Discontinued Healing & Recovery

Pexiganan

also known as: Locilex, MSI-78, Pexiganan acetate

A Xenopus-magainin-derived antimicrobial peptide (Locilex; Dipexium Pharmaceuticals / later acquired by PLx Pharma) developed for topical treatment of mildly infected diabetic foot ulcers. Twice rejected by the FDA — once in 1999 (Magainin Pharmaceuticals) and again in 2017 (Dipexium) after the OneStep-1 and OneStep-2 Phase 3 trials failed to show superiority over placebo cream. Instructive regulatory case study in antimicrobial peptide drug development.

A 22-residue synthetic cationic antimicrobial peptide analog of magainin-2, originally isolated from the skin of the African clawed frog Xenopus laevis in 1987 by Michael Zasloff. Developed by Magainin Pharmaceuticals as a 1% cream (Locilex) for topical treatment of mildly infected diabetic foot ulcers. The FDA's Anti-Infective Drugs Advisory Committee voted against approval in March 1999 despite the drug meeting non-inferiority endpoints versus oral ofloxacin, on grounds that non-inferiority to an oral antibiotic did not constitute evidence of clinical effectiveness. Dipexium Pharmaceuticals acquired the asset, conducted two additional placebo-controlled Phase 3 trials (OneStep-1 and OneStep-2) in 2016, both of which failed to show superiority of pexiganan cream over placebo cream. The company terminated development in October 2016 after the second Phase 3 failure. Stands as one of the most thoroughly tested antimicrobial peptides in human trials and an instructive case study for AMP drug development — particularly for the challenge of demonstrating clinical efficacy in mildly infected wounds where the placebo-response rate (driven by standard wound care) is high.

Mechanism of action

Forms amphipathic α-helix on contact with bacterial membranes. Cationic charge (seven lysines, zero aspartates or glutamates) drives electrostatic attraction to negatively charged bacterial outer-membrane lipopolysaccharide and inner-membrane phosphatidylglycerol / cardiolipin. Membrane permeabilization occurs via a toroidal-pore mechanism at threshold concentrations, causing rapid bactericidal activity against both Gram-positive and Gram-negative bacteria, including many antibiotic-resistant strains. Selectivity for bacterial over mammalian membranes is moderate — sufficient for topical use but not for systemic administration.

Primary uses

Mildly infected diabetic foot ulcer — proposed topical treatment (not FDA-approved; Phase 3 failure)
Antimicrobial peptide drug-development case study

Typical dosing

1% cream, applied twice daily twice daily (topical)
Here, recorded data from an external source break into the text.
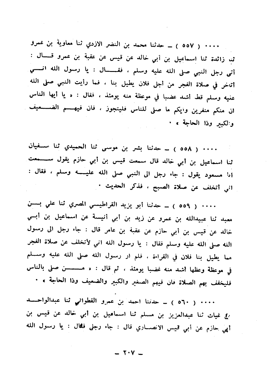 557 - حَدَّثَنَا مُحَمَّدُ بْنُ النَّضْرِ الْأَزْدِيُّ، ثَنَا مُعَاوِيَةُ بْنُ عَمْرٍو، ثَنَا زَائِدَةُ، ثَنَا إِسْمَاعِيلُ بْنُ أَبِي خَالِدٍ، عَنْ قَيْسٍ، عَنْ عُقْبَةَ بْنِ عَمْرٍو قَالَ: أَتَى رَجُلٌ النَّبِيَّ صَلَّى اللهُ عَلَيْهِ وَسَلَّمَ فَقَالَ: يَا رَسُولَ اللهِ، إنِّي أَتَأَخَّرُ فِي صَلَاةِ الْفَجْرِ مِنْ أَجْلِ فُلَانٍ يُطِيلُ بِنَا، فَمَا رَأَيْتُ النَّبِيَّ صَلَّى اللهُ عَلَيْهِ وَسَلَّمَ قَطُّ أَشَدَّ غَضَبًا فِي مَوْعِظَةٍ مِنْهُ يَوْمَئِذٍ، فَقَالَ: «يَا أَيُّهَا النَّاسُ، إِنَّ مِنْكُمْ مُنَفِّرِينَ، وَأَيُّكُمْ §مَا صَلَّى لِلنَّاسِ فَلْيَتَجَوَّزْ، فَإِنَّ فِيهِمُ الضَّعِيفَ وَالْكَبِيرَ وَذَا الْحَاجَةِ»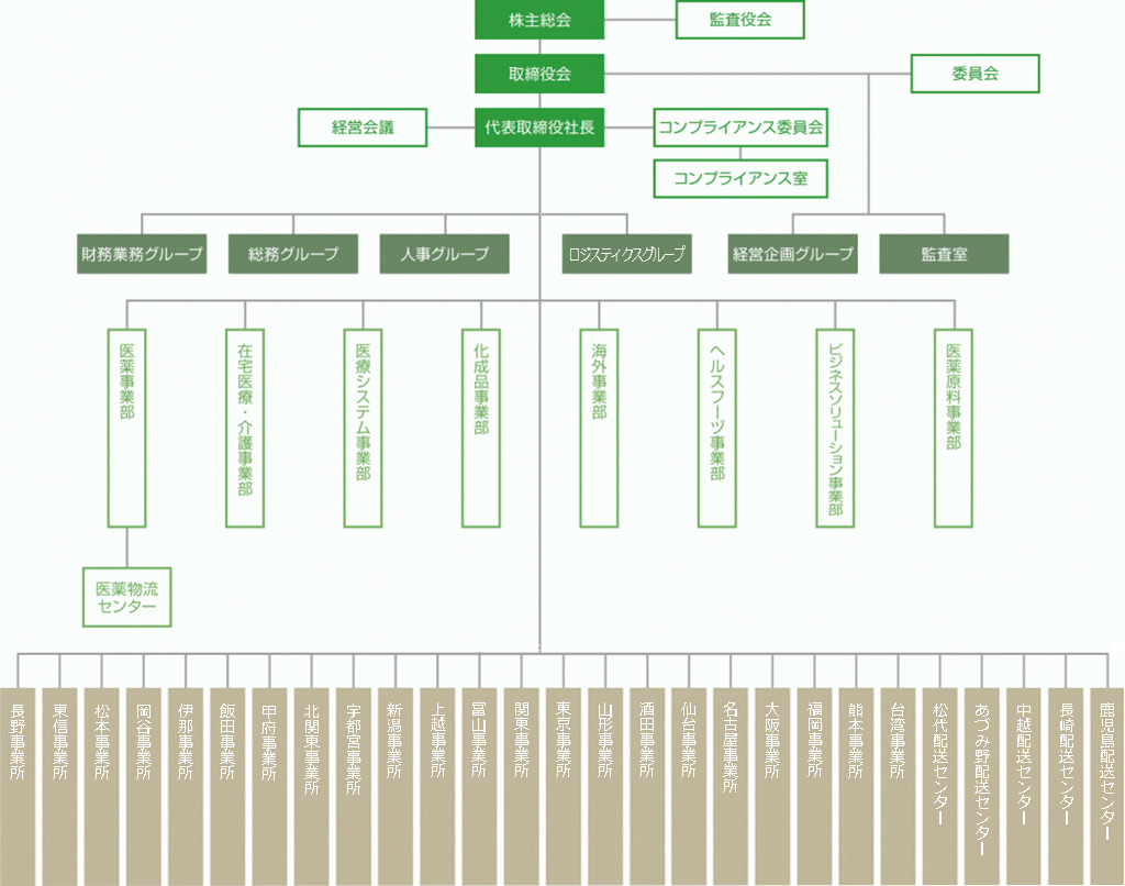 | 事業内容 | 医療用医薬品、医療・介護機器、基礎化学品、医薬原料、半導体薬品、 電子材料、樹脂、設備機器、食品原材料、食品添加物、食品包装資材、 OA機器コンピュータの販売、及び取扱い品目の輸出入など。 |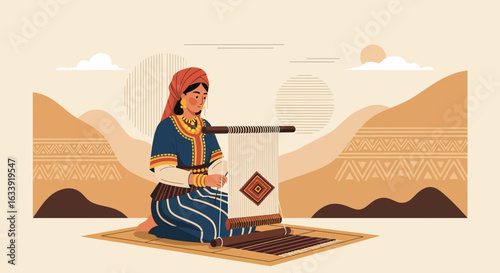 Obraz premium Traditional Weaver Creates Handmade Carpet in Desert Backdrop Illustration

Dose regimen used in OneStep Phase 3 trials. Not an approved product; the dosing information is for research reference only.

Regulatory status

Not FDA-approved. Received a non-approvable letter from the FDA in 1999 (Magainin Pharmaceuticals). The OneStep-1 and OneStep-2 Phase 3 trials (Dipexium Pharmaceuticals, 2016) both failed to show superiority over placebo; development was terminated in October 2016. Represents one of the most fully-developed and tested antimicrobial peptides in Phase 3 clinical trials, making its ultimate failure a defining case in antimicrobial peptide drug development.

References

[pubmed] Lipsky BA, et al. "Topical versus systemic antimicrobial therapy for treating mildly infected diabetic foot ulcers: a randomized, controlled, double-blinded, multicenter trial of pexiganan cream." Clin Infect Dis, 2008;47:1537-1545 (pivotal Phase 3 versus ofloxacin).
[news-release] Dipexium Pharmaceuticals. "Dipexium Pharmaceuticals Announces Top-Line Results from Phase 3 OneStep-1 and OneStep-2 Clinical Studies of Locilex." October 24, 2016.
[review] Gottler LM, Ramamoorthy A. "Structure, membrane orientation, mechanism, and function of pexiganan - a highly potent antimicrobial peptide designed from magainin." Biochim Biophys Acta, 2009;1788:1680-1686.

Related peptides

LL-37

The only human cathelicidin — an antimicrobial peptide with direct activity against bacteria, fungi, viruses, and biofilms, with additional roles in wound healing and immune signaling.

Omiganan

An indolicidin-derived cationic antimicrobial peptide (Micrologix / BioWest / Cutanea Life Sciences / Cellect Biotechnology / Maruho) developed across roughly two decades for several dermatologic and catheter-prevention indications. Failed its pivotal Phase 3 for central venous catheter exit-site infection prevention (2002), then pivoted to rosacea where it also failed Phase 3 (2015). Not FDA-approved.

Disclaimer

This entry is for educational purposes only and does not constitute medical advice. Dosing information reflects published regulatory or research data and is not a recommendation. Many compounds described here are not approved for human use in the United States. Consult a licensed medical professional before considering any peptide therapy.